CSIS still can not arrest or hold a suspect. That’s left to the RCMP, which will get expanded powers of its own — detaining people longer, seven rather than the current three days, without warrant before appearing before a judge, to prevent a crime. Further, it will be easier for the national police force to get a warrant for a peace bond that curtails the rights of suspects they believe “may” (not will) commit a crime.

There are huge privacy concerns for Canadians in this proposed law. What monitoring of data and personal information sharing can Canadians expect in this bill? It shreds the rules for protecting the hundreds of thousands of tiny details of ordinary lives collected by government in a myriad of ways. The bill permits departments and agencies to pass the details of our personal lives onward if they believe it useful in the campaign to protect national security. Moreover, there is limited oversight. The Harper government has bridled at the suggestion stronger oversight by Parliament is required of CSIS.

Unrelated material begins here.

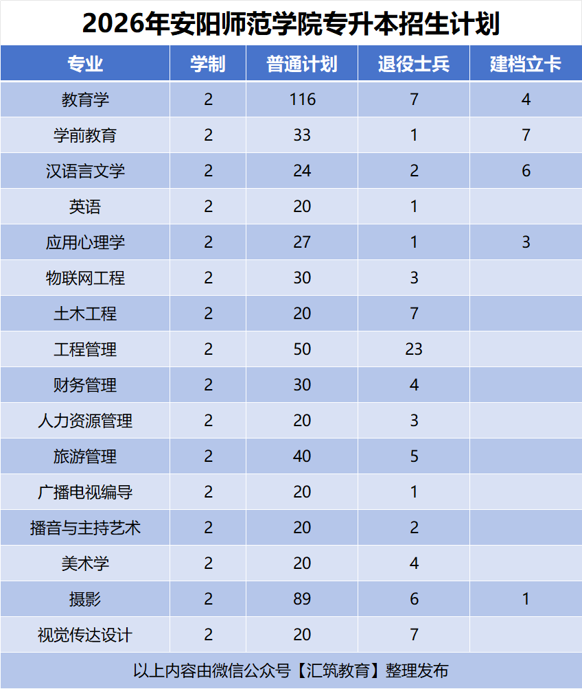 2026年安阳师范学院专升本招生计划

The core of Canada’s anti-terrorism laws, tested before the Supreme Court, has remained intact after repeated challenges. Emboldened, perhaps, the Harper government is using the “lone-wolf” attacks against Canadian Forces soldiers in Quebec and at Parliament Hill last fall as a premise to extend extraordinary new powers to CSIS and the RCMP. Yet, as the RCMP said itself, there was no evidence for it to have foreseen either of the attacks.

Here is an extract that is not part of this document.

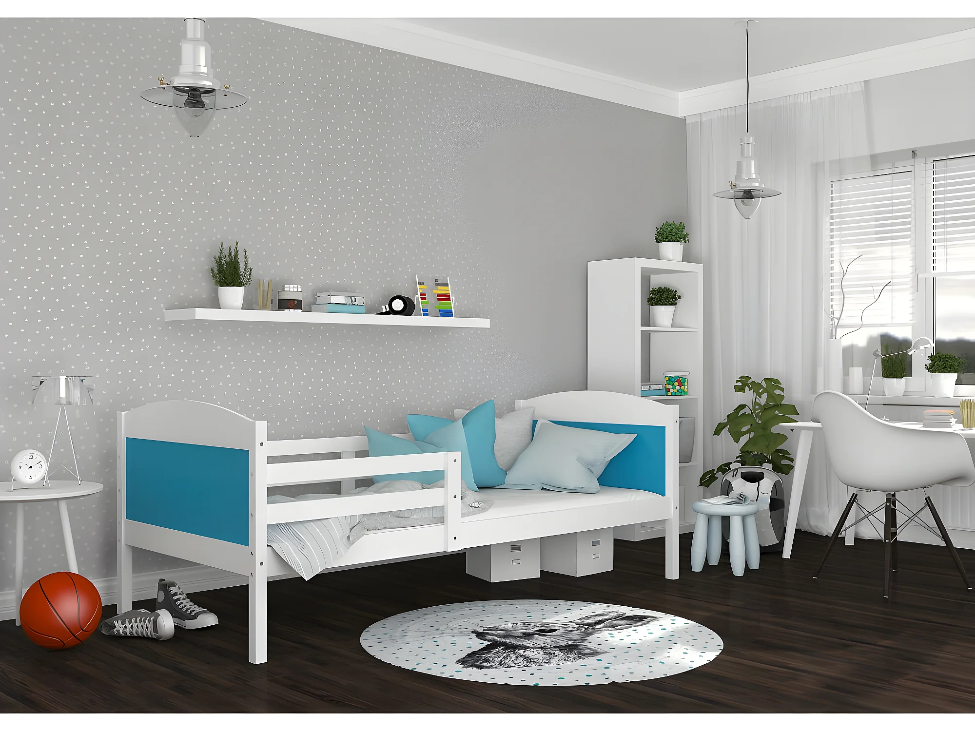 Lit Enfant Mati 90x190 Blanc - bleu Livré avec sommiers

But there is ample evidence of the tragic consequences that occur when security agencies engage in a hostile rivalry. The Air India terrorist attack in 1985, and the “rendition” by the U.S., with the help of Canadian intelligence, of Maher Arar to a torture cell in Syria, both show what happens when two national security agencies aggressively refuse to co-operate to keep Canadians safe.

Turning CSIS into a police force with bigger muscle will confuse their roles and invite rivalry, undoing the hard lessons of the past. If the Harper government cannot show where such powers would have made a difference in the defence of security, it cannot justify the risk this bill would entail.